Bosnia has expelled two Iranian diplomats suspected of spying, including contacting a radical Muslim leader, a security ministry source said on Thursday.
The security ministry said that Iranian diplomats Hamzeh Doolab Ahmad and Jadidi Sohrab were declared “persona non grata” and “have left” Bosnian territory.
“As members of diplomatic personnel … they have used their diplomatic status for activities incompatible with their diplomatic functions and the Vienna convention on diplomatic relations,” the ministry said in a statement.
It did not elaborate or say when the two left Bosnia.
But a source at the ministry who asked not to be named said the two diplomats were suspected of “spying and (carrying out) other suspicious activities against the (Bosnian) constitution.”
The two served as the “embassy’s second and third secretary,” the source said, adding that they, particularly Sohrab, “were contacting Nusret Imamovic,” a leader of Bosnian followers of Wahhabism.
Such contacts were considered espionage, the source said.

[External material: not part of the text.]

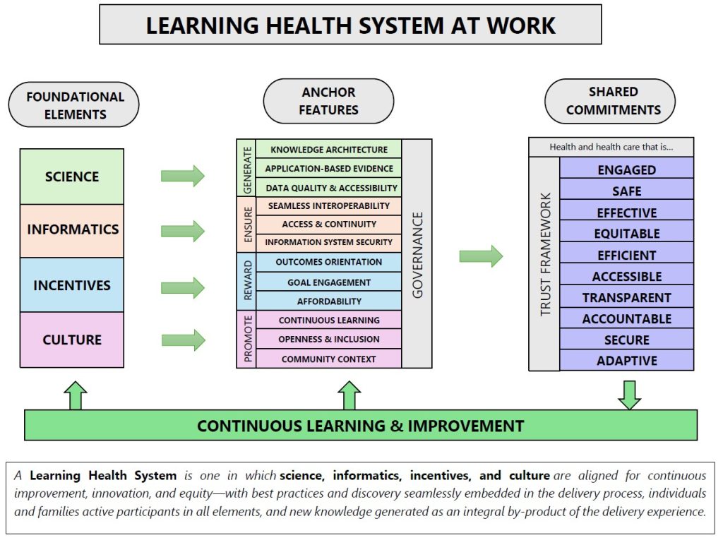 Coupled with the four foundational pillars of the LHS definition—science, informatics, incentives, and culture—the trust framework of the commitments provides understandable organizing elements for institutional clarity and motivation, and to unify expectations among organizational leaders and those they serve. Inasmuch as these two components offer the “what” and the “why” of the LHS, a start on the “how” is offered in Figure 1’s presentation of the anchor features, the building blocks necessary to move from concepts to actions to results.
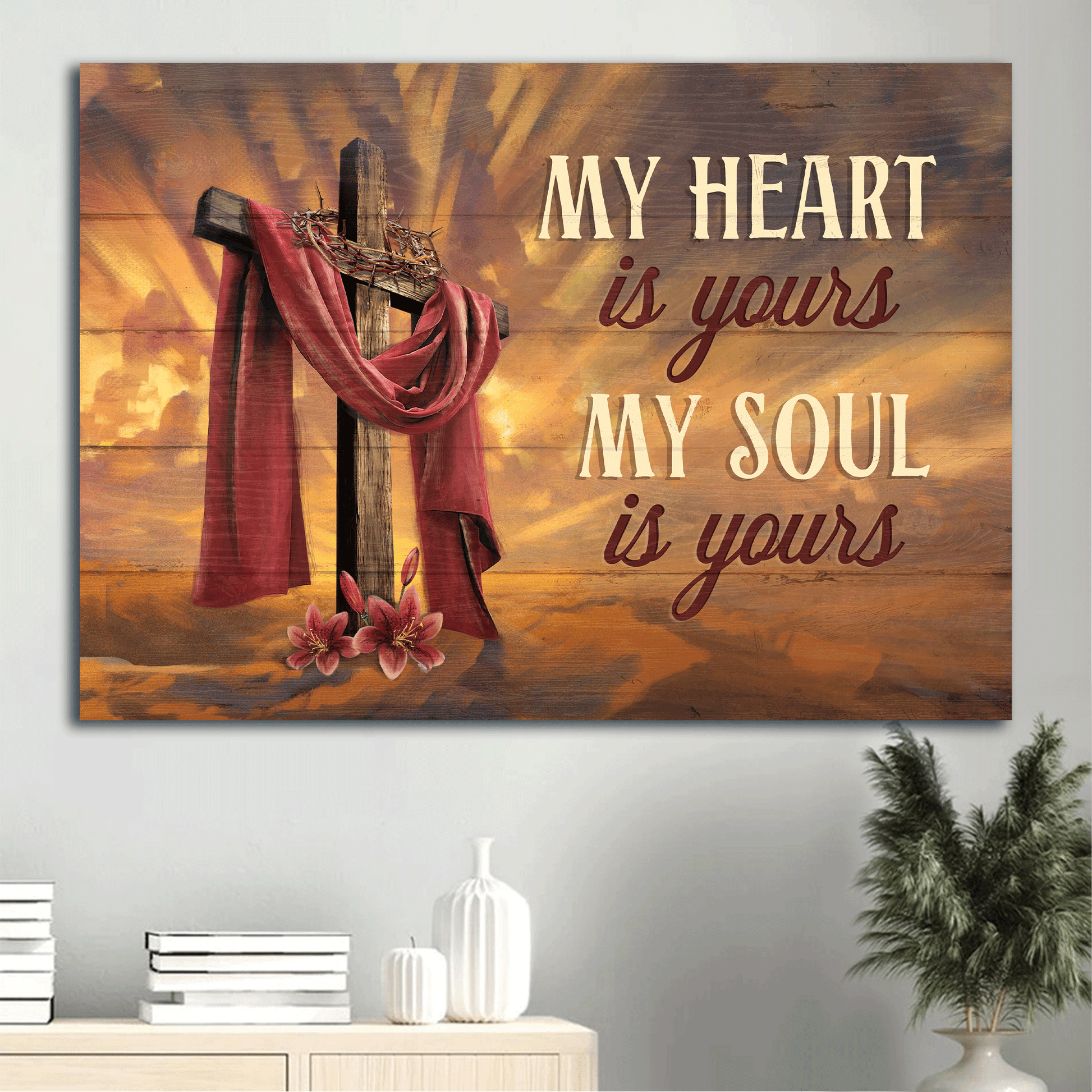 Big cross Crown of thorn Red lily flower Landscape Canvas Wall Art Decor Home with the quote "My heart is yours, My soul is yours" can be displayed on the wall of your home's living room, kitchen, bedroom, bathroom, or outdoor space. They can also be hung on the walls of your office, building, hotel, restaurant, or even coffee shop.

Bosnia’s Muslims, who make up around 40 percent of the country’s population of some 3.8 million, are mainly followers of a moderate form of Islam.
But the former Yugoslav republic is also home to a small minority of followers of Wahhabism, a strict and ultra-conservative branch of Islam which is dominant in Saudi Arabia.
Sarajevo has been cracking down on the movement’s members whose number is estimated at some 3,000.
The Iranian embassy, when contacted by Agence France Presse, said it “does not have a reaction” to the expulsions by the Bosnian authorities.